The smooth face eyed him as if it might be withholding some vital piece of information — or as if he were.

And had he persuaded her to attend so that other people would determine the pattern, decide her interests? So that she would be cured and possess the thing it already pleased her to renounce? Restored to him: the bargain broken?

And she had given him, in her place, Dorothy.

‘Goodbye Mr Chapman.’

A plume of steam released itself from the boiler-house, like a white hole in the flat vista. Outside in the corridor a girl was being pushed along in a wheel-chair while a nurse walked beside her reading a clip-board chart.

In the car, looking forward, her handbag on her knees, she said as they drove back:

‘Don’t talk to the doctor again, Willy.’

No, she did not get better. How many more visits to Doctor Cunningham? Though he never spoke again, true to her command, to that suave-voiced man with his files and sheets of notes. Nor was he asked. She made sure of that. ‘They can do nothing, Willy.’ Another drug, another test; and each time her looks affirmed in advance what would be the result: no change.
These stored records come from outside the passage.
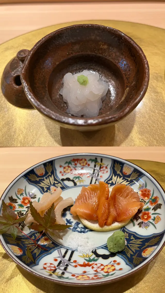 前菜為我們開始了這場美食之旅。芝海老的鮮嫩彈牙與鴨胸的香濃完美融合,帶給了我們一種口感上的享受。蝶魚漬物和鮮甜栗子則增添了豐富的層次感,而銀杏的清爽口感則平衡了整個菜式的風味。
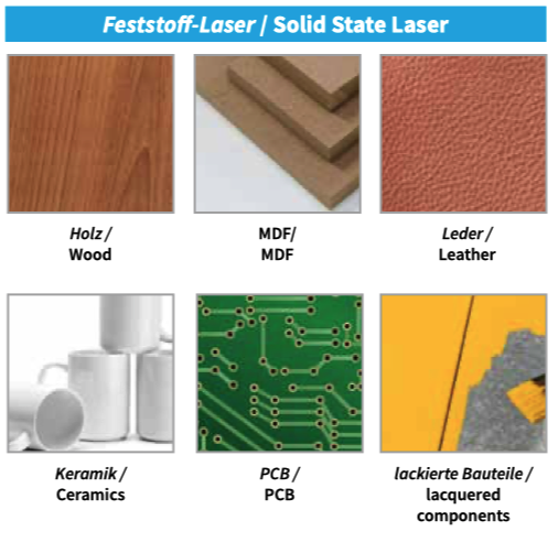 • Breiter Anwendungsbereich: Holz, MDF, Karton, Leder, Keramik, PCB, lackierte Metalle, etc.
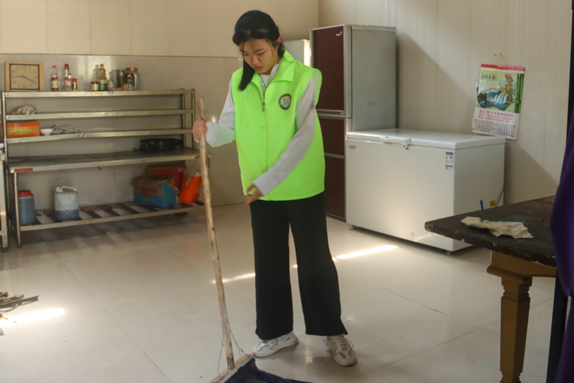 图为志愿者在打扫老人房间
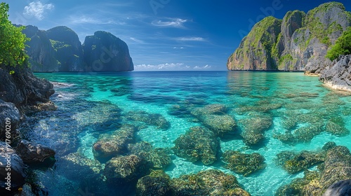 © Chatupat, Fototapeta premium Crystal Clear Water and Lush Green Cliffs in a Tropical Lagoon. generative ai illustration.
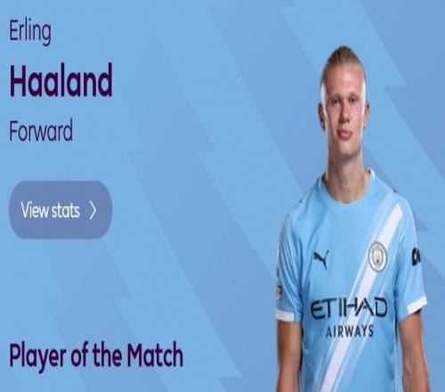 本場(chǎng)比賽哈蘭德首發(fā)出場(chǎng),打進(jìn)全場(chǎng)唯一進(jìn)球,賽后他也當(dāng)選英超官方球迷票選全場(chǎng)最佳球員。
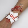 Matériaux : Fils d'aluminium rouge et argent, fleur en satin blanc, inscription "OUI" pailletée.
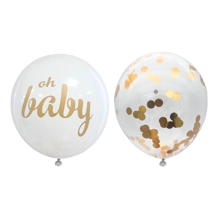Set van tien ballonnen voor een babyshower of gender reveal! De verpakking bevat vijf transparante ballonnen gevuld met gouden confetti en vijf witte ballonnen bedrukt met de tekst 'Oh Baby' in het goud. Met deze set ballonnen maak je je feestje compleet! De ballonnen kunnen met helium of lucht worden gevuld en zijn max. 30 cm groot.
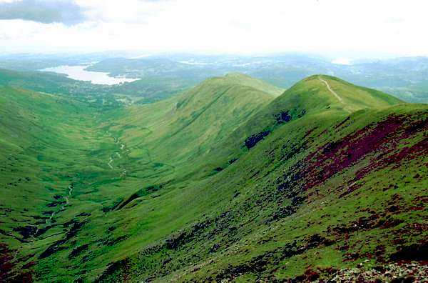 At the top of Fairfield is a large wind shelter which provided welcome relief from the biting wind, so I was able to have my lunch and sit looking at the view without shivering to death. I could see the route of the Coast to Coast walk going past Angle Tarn and up to Kidsty Pike, which made me wonder how Malcolm was coping. The descent of Fairfield via Great Rigg brings into view Lake Windermere, Esthwaite Water, Coniston Water and Grasmere, as well as Morecambe Bay and other parts of the coast. I could also see Easedale Tarn near the start of tomorrow's walk as well as most of the route to Grasmere. Further west, Great Gable was very prominent, and to the east Cross Fell could be seen.
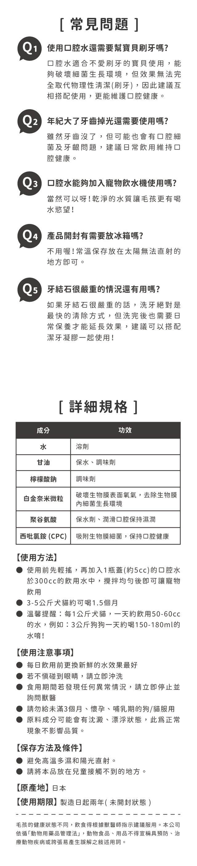 • 如果您在使用過程中發現任何異常,請立即停止使用並諮詢您的獸醫師 • 原成分可能會有漂浮或沈澱,屬於正常現象請安心使用 • 本產品僅適用於狗/貓,請勿用於任何其他目的 • 不適用於懷孕/哺乳期以及小於三個月的狗/貓 • 每次使用前請用新的乾淨飲用水 • 若不慎碰到眼睛,請立即沖洗 |
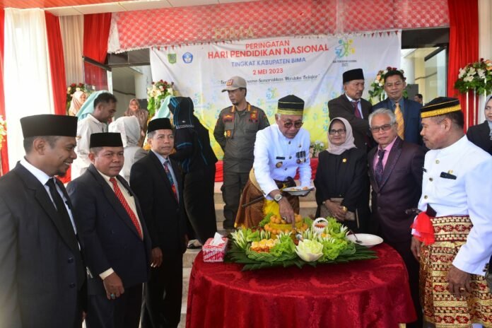 ACTUALNEWS.ID.Bima – Upacara Peringatan Hari Pendidikan Nasional (Hardiknas) yang dirangkaikan dengan HUT Otonomi Daerah XXVII Tingkat kabupaten Bima yang berlangsung Selasa (2/5) di Lapangan Upacara Kantor Bupati Bima dihadiri sejumlah undangan yaitu Pimpinan DPRD, Unsur Forkopimda, Sekretaris Daerah Drs.H.M. Taufik HAK, M.Si, para pejabat Eselon II, Kadis Dikbudpora beserta jajaran, Ketua TP. PKK Kabupaten Bima Hj.Rostiati Dahlan S.Pd, Pimpinan Instansi vertikal, BUMN/BUMD, Kabag Setda, Para Camat dan Kalangan Perguruan tinggi Se-Kabupaten Bima.
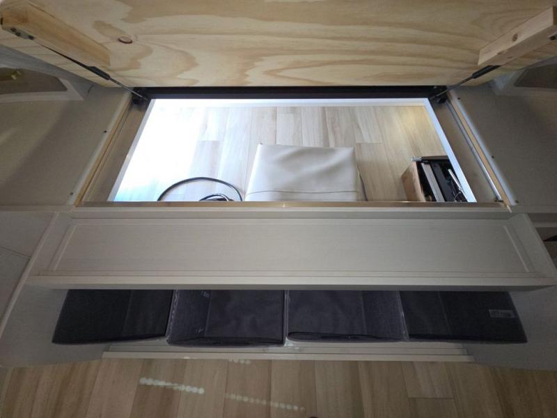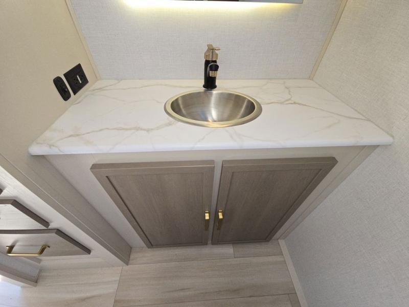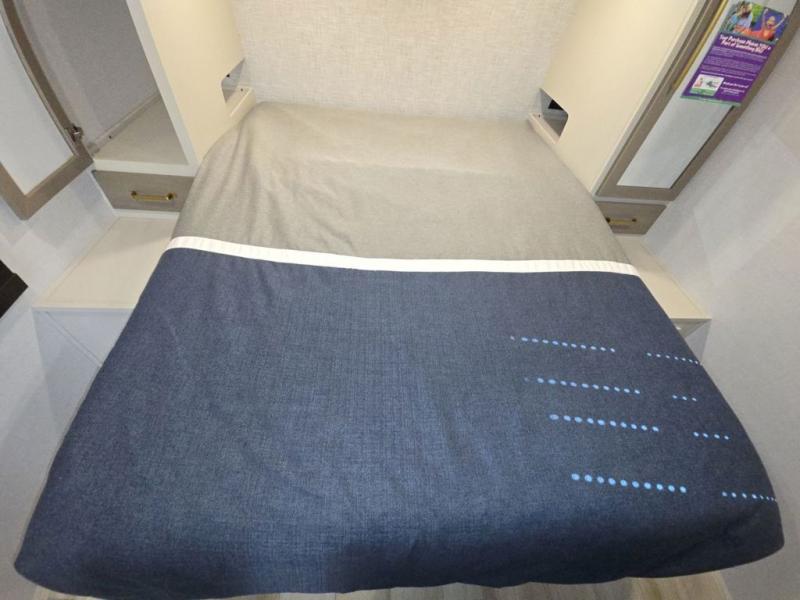 Whether it's a couples night or family night, you can enjoy the spacious living and kitchen area thanks to the large slide out. Grab your favorite snacks from the hidden storage behind the swing-open entertainment center and head to the booth dinette and/or the theater seats with cupholders. You will be able to easily whip up your best meals and clean up even easier with the L-shaped countertop with an extension. The front private bedroom features a queen bed with Versa Tilt to get a good night's rest with wardrobes on either side to keep the room tidy, and the rear bathroom is spacious with a sliding door and two linen closets!
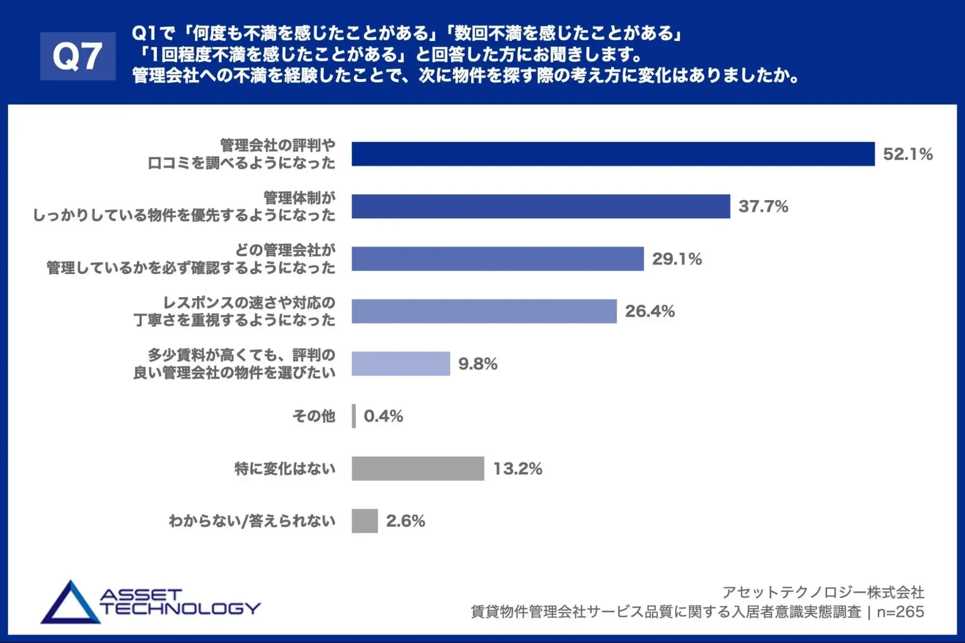 「Q7. Q1で「何度も不満を感じたことがある」「数回不満を感じたことがある」「1回程度不満を感じたことがある」と回答した方にお聞きします。管理会社への不満を経験したことで、次に物件を探す際の考え方に変化はありましたか。(複数回答)」(n=265)と質問したところ、「管理会社の評判や口コミを調べるようになった」が52.1%、「管理体制がしっかりしている物件を優先するようになった」が37.7%、「どの管理会社が管理しているかを必ず確認するようになった」が29.1%という回答となりました。
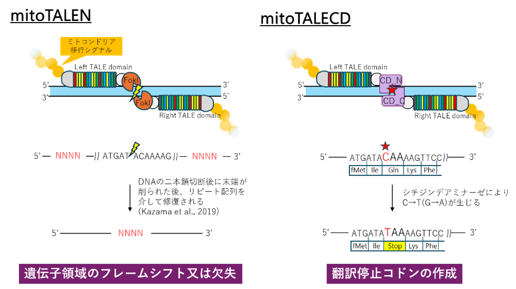 現在、ゲノム編集では、CRISPR-Cas9法を用いることが一般的ですが、ガイドRNAをミトコンドリア内部に輸送できないため、この方法はミトコンドリア遺伝子の編集には適用できません。そこでDNA結合モジュールがタンパク質で構成されるTALEにミトコンドリア移行シグナルを付加したmitoTALEが開発され、FokⅠを介したDNA切断による編集法(mitoTALEN法)と、FokⅠの代わりにシチヂンデアミナーゼを用いたC→T(相補鎖ではG→A)の1塩基置換による編集法(mitoTALECD法)が確立されました。
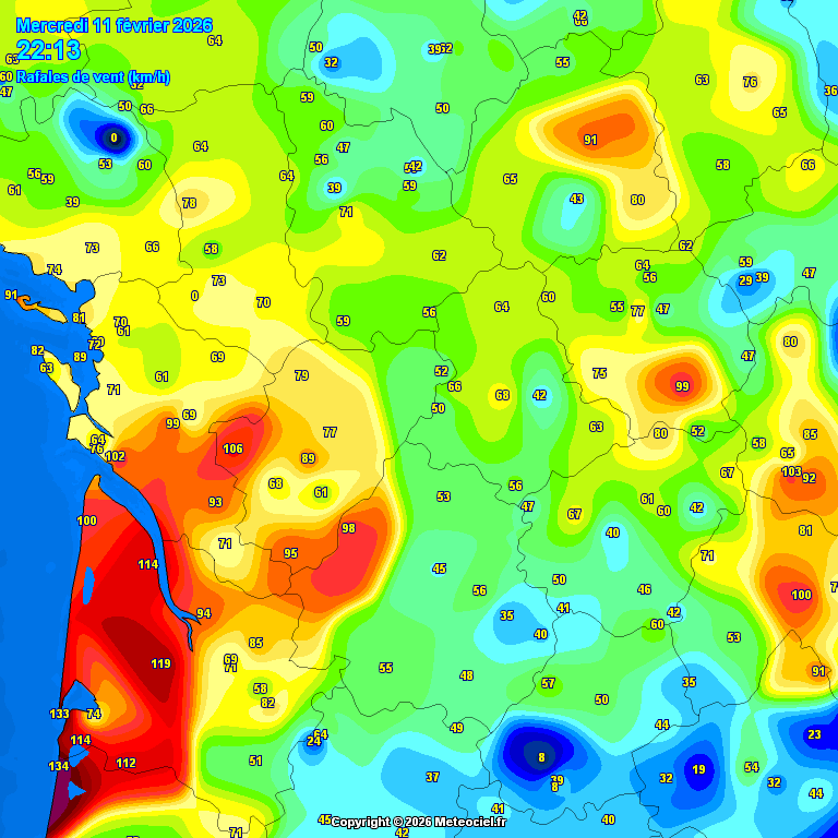 Les pins sur des sols bien détrempés depuis des jours ça tombe bien, même assez loin des côtes comme à Langon où les rafales doivent être seulement autour de 80km/h.
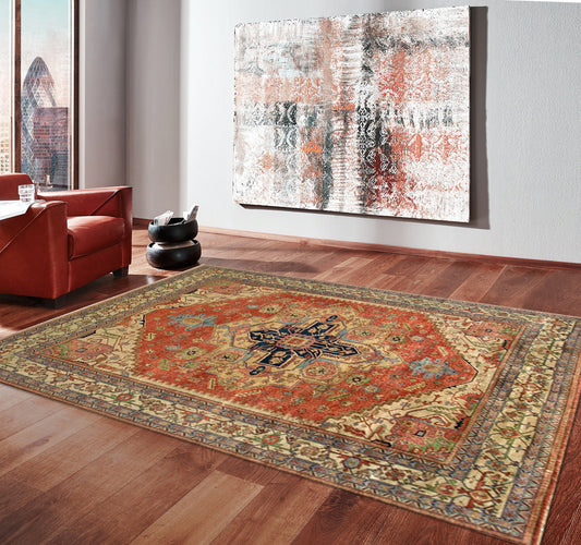 Pasargad Home Serapi Collection Hand-Knotted Rust Wool Area Rug - 8'11" X 9'1"
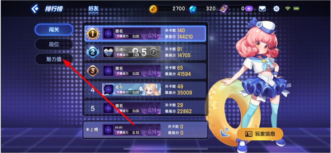 节奏大师怎么查看魅力值多少
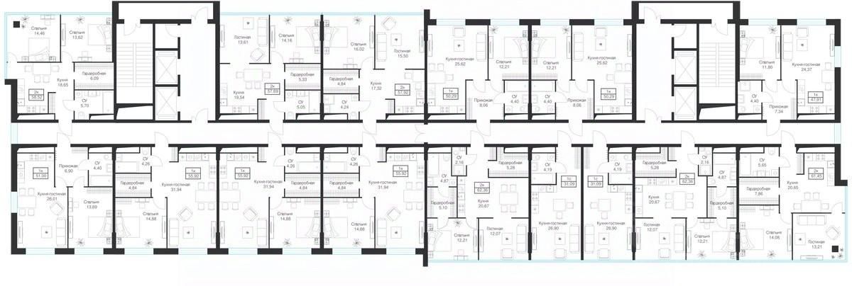 Продаются 2-комнатные апартаменты 58.52 кв.м. на 11-м этаже 20-этажного комплекса.

In between her attacks her breath wheezed continuously, her voice fluttered and rattled. Bouts of bronchitis. A scarf round her neck even in warm weather. And that face slowly being worn away; the cheeks hollow and drained from sleeplessness, the mouth stretched from the effort of breathing. Only the eyes remained, ashy-blue and steady, as if they watched in some mirror the dismantling of her other features and approved the process. As if, if she could have done so, she would have torn off that thin mask of loveliness at the very beginning. For that was never the real thing.